Massachusetts State Police focused on Muldavin as a suspect soon after the “Lady of the Dunes” was confirmed to be Terry—and it wasn’t the first time he’d been suspected of murder. Muldavin had been married multiple times before he met Terry. He moved from New York to Seattle with his first wife, working as a disk jockey, and the couple divorced in 1956.

Two years later, he married Manzanita Ryan, who had a daughter from a previous marriage. Ryan and her daughter disappeared in April 1960, and Muldavin (as the prime suspect) briefly fled Seattle before being apprehended by the FBI. Investigators found dismembered human body parts in Muldavin’s septic tank but could not conclusively prove they were the remains of Ryan and her daughter. He was never officially charged with their murder. Muldavin married his third wife in 1960 and was convicted of swindling her family out of $10,000 but received a suspended sentence in exchange for repaying them.

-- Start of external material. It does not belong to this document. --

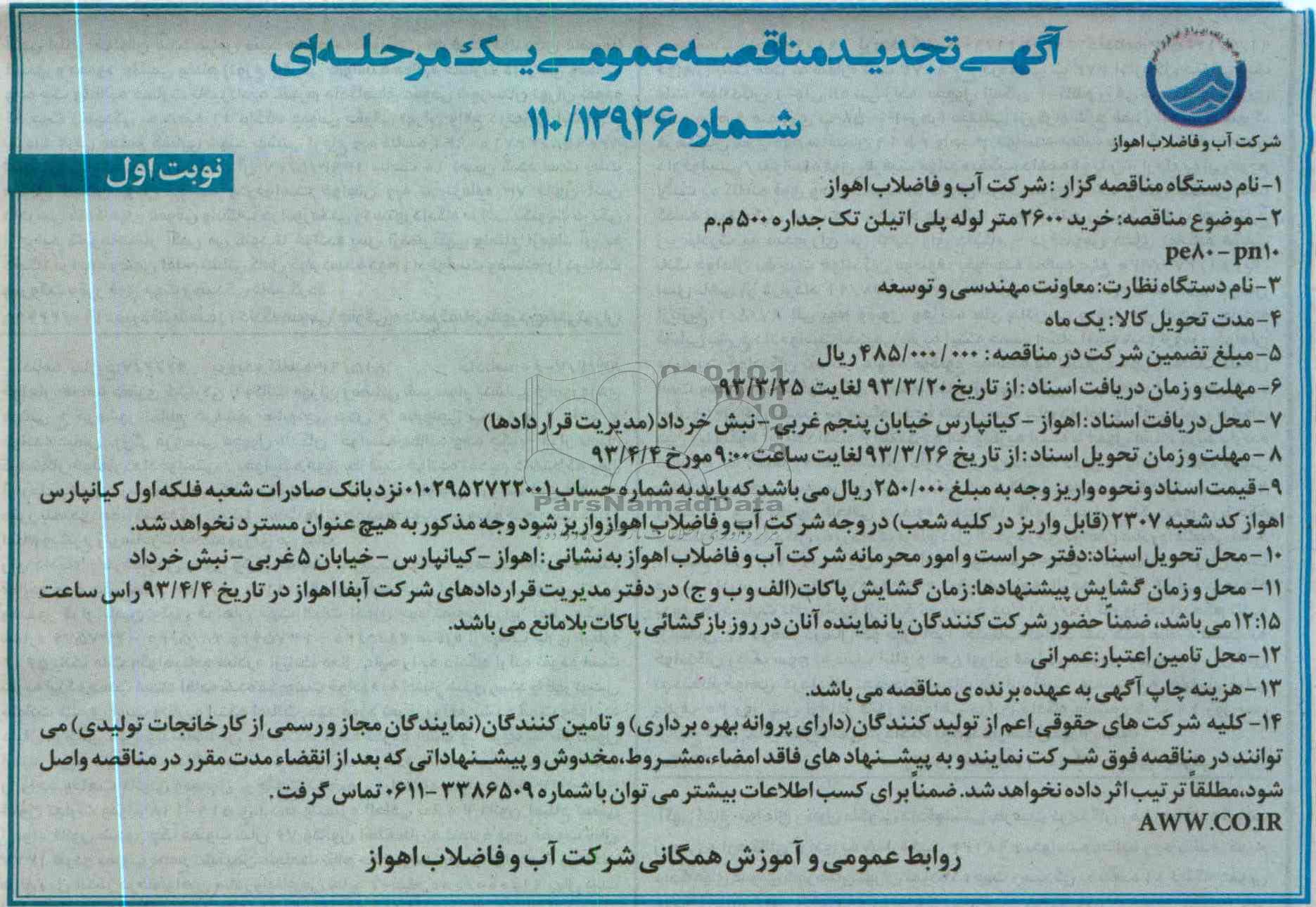 آگهی تجدید مناقصه عمومی یک مرحله ای , خرید 2600 متر لوله پلی اتیلن تک جداره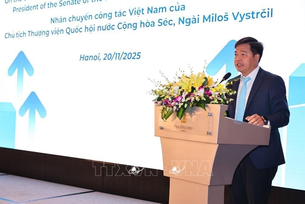 Hà Nội (TTXVN 20/11/2025) Sáng 20/11/2025, tại Hà Nội, Chủ tịch Thượng viện Quốc hội Cộng hòa Séc Milos Vystrcil gặp gỡ doanh nghiệp Séc – Việt Nam. Quang cảnh buổi gặp gỡ doanh nghiệp Séc – Việt Nam (20/11/2025). Ảnh: Minh Đức – TTXVNChủ tịch Thượng viện Quốc hội Cộng hòa Séc Milos Vystrcil phát biểu (20/11/2025). Ảnh: Minh Đức – TTXVNCác đại biểu tham dự buổi gặp gỡ doanh nghiệp Séc – Việt Nam (20/11/2025). Ảnh: Minh Đức – TTXVNBà Trần Thị lan Anh, Tổng Thư ký Liên đoàn Thương Mại và Công nghiệp Việt Nam phát biểu (20/11/2025). Ảnh: Minh Đức – TTXVNÔng Nguyễn Anh Tuấn - Phó Cục trưởng Cục Đầu tư nước ngoài (Bộ Tài chính) phát biểu (20/11/2025). Ảnh: Minh Đức – TTXVN

Muldavin was also the prime suspect in the 1950 murder of a bread truck driver, Henry Baird, and his waitress girlfriend, Barbara Kelly, in Eureka, California. Baird was found naked with a gunshot to the back of the head; Barbara’s body was never found. She had worked at a restaurant owned by the parents of Muldavin’s first wife, where Muldavin worked as a short-order cook. The restaurant was on Baird’s truck route. But there was insufficient evidence to charge Muldavin. Muldavin moved to a small town near Salinas in 1976 and remarried yet again. After retiring in 1985, he hosted a late-night local radio show. He died at home in 2002 at the age of 78.